Let $S\equiv x^2+y^2+2gx+2$ fy $+c=0$ be a given circle. The locus of the foot of the perpendicular drawn from the origin upon any chord of $S$ which subtends right angle at the origin, is.
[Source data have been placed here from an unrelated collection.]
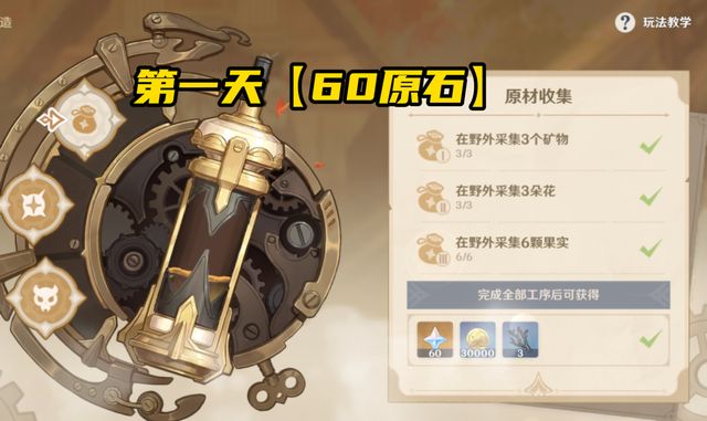 第一步难度很小,因为稻妻有很多场景【名椎滩、九条阵屋】附近都是有矿物(紫晶矿)、花(甜甜花)和果实(树莓)同时出现的场景,采集完成后需要把所有收集到的材料加入到【大工机】中,之后可以在【剧情制作】中直接领取60原石和摩拉等奖励。第一天的活动内容就结束了,是不是感觉很简单呢?没错,炉心机造中的NPC伯特兰又被玩家称作Small“立本”,同样的甜甜花换原石的场景又再次出现了。
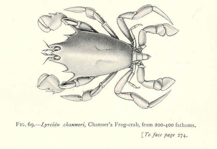| Keywords: FMIB 45482 Characteristic Deep-Sea Crustaceans.jpeg  check categories 23 August 2015 4 Characteristic Deep-Sea Crustaceans Lyreidu channeri Channer's Frog-crab from 200-400 fathoms Subject Crabs Lyreidu Tag Shellfish 1902 Cite book Naturalist in Indian Seas or Four Years with the Royal Indian Marine Survey Ship 'Investigator' Alcock Alfred W New York City NY E P Dutton Co 1902 Fig 69 Creator Alfred William Alcock PD-UWASH-FMIB Institution University of Washington FMIB-source accession number 45482 Images from the Freshwater and Marine Image Bank to check Alfred William Alcock Brachyura Lyreidus |
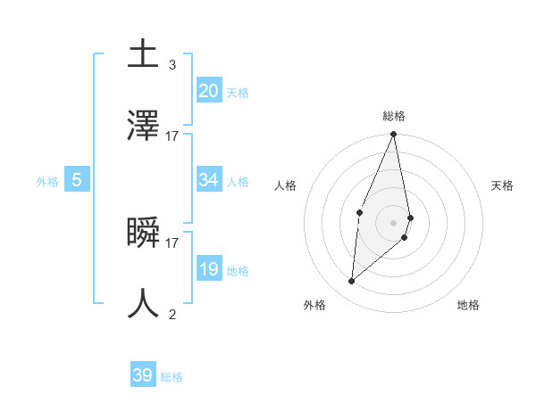 土澤 瞬人さんを姓名の画数から五運を鑑定
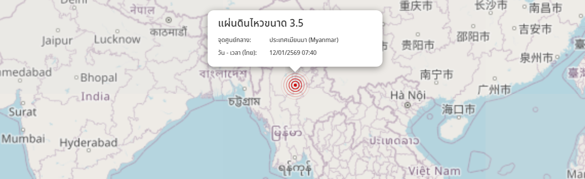 แผ่นดินไหว ประเทศเมียนมา (Myanmar) ขนาด 3.5
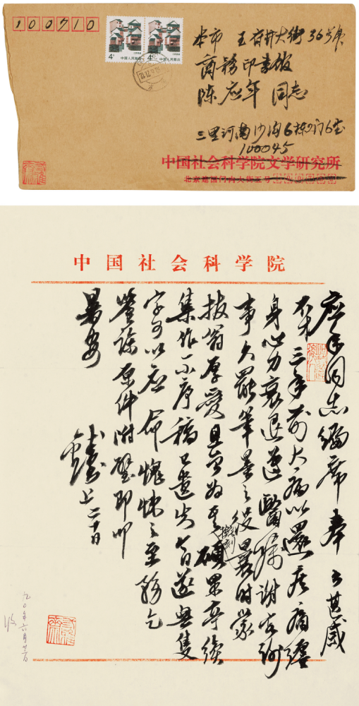 上款人:陈应年,1936年生,安徽滁县人。曾任商务印书馆历史室主任。翻译家。兼任中国译协第三届理事及社会科学翻译委员会委员、中华全国日本哲学会理事、中国日本史学会常务理事、北京中日文化交流史研究会副会长。钱钟书此信,为婉拒陈氏请序而作,信中谈及钱氏曾为前辈李宣龚之《硕果亭续集》作序,由于该书并未付刻,以致序言亦随之消失,未能向陈氏报命。钱氏时任中科院副院长。
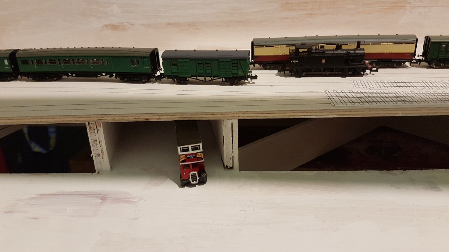 Setting this up has brought up a few thoughts and problems. Once again I muttered about the silly idea of putting the station on a raised section. It occurred to me that I need to get some scenery on those roads under the station before I fix the top board down. So there will be a little pause whilst I work out how to do the road and bridges for this section. And I suppose those long road ‘tunnels’ ought to have lights, too.

• A. $x^2+y^2-gx+fy+\frac{c}{2}=0$
• B. $x^2+y^2+gx+fy+\frac{c}{2}=0$
• C. $x^2+y^2+gx-fy+\frac{c}{2}-0$
• D. None of these

Answer 1

Answer: (B)

$AB$ is a variable chord such that $=\angle AOB=\frac{\pi }{2}$.
Let $P(h,k)$ be the foot of the perpendicular drawn from origin upon $AB$. Equation of the chord $AB$ is
$y-k=\frac{-h}{k}(x-h)$
i.e., $hx+ky=h^2+k^2$ ....(i)
Equation of the pair of straight lines passing through the origin and the intersection point of the given circle
$x^2+y^2+2gx+2fy+c=0$ ... (ii)
and the variable chord $AB$ is
$x^2+y^2+2(gx+fy)\left(\frac{hx+ky}{h^2+k^2}\right)+c{\left(\frac{hx+ky}{h^2+k^2}\right)}^2=0$ ...(iii)
If equation (iii) must represent a pair of perpendicular lines, then we have coeff. of $x^2+$ coeff. of $y^2=0$
i.e., $\left(1+\frac{2gh}{h^2+k^2}+\frac{c{h}^2}{{\left(h^2+k^2\right)}^2}\right)+\left(1+\frac{2fk}{h^2+k^2}+\frac{c{k}^2}{{\left(h^2+k^2\right)}^2}\right)=0$
Putting $(x,y)$ in place of $(h,k)$ gives the equation of the required locus as
$x^2+y^2+gx+fy+\frac{c}{2}=0$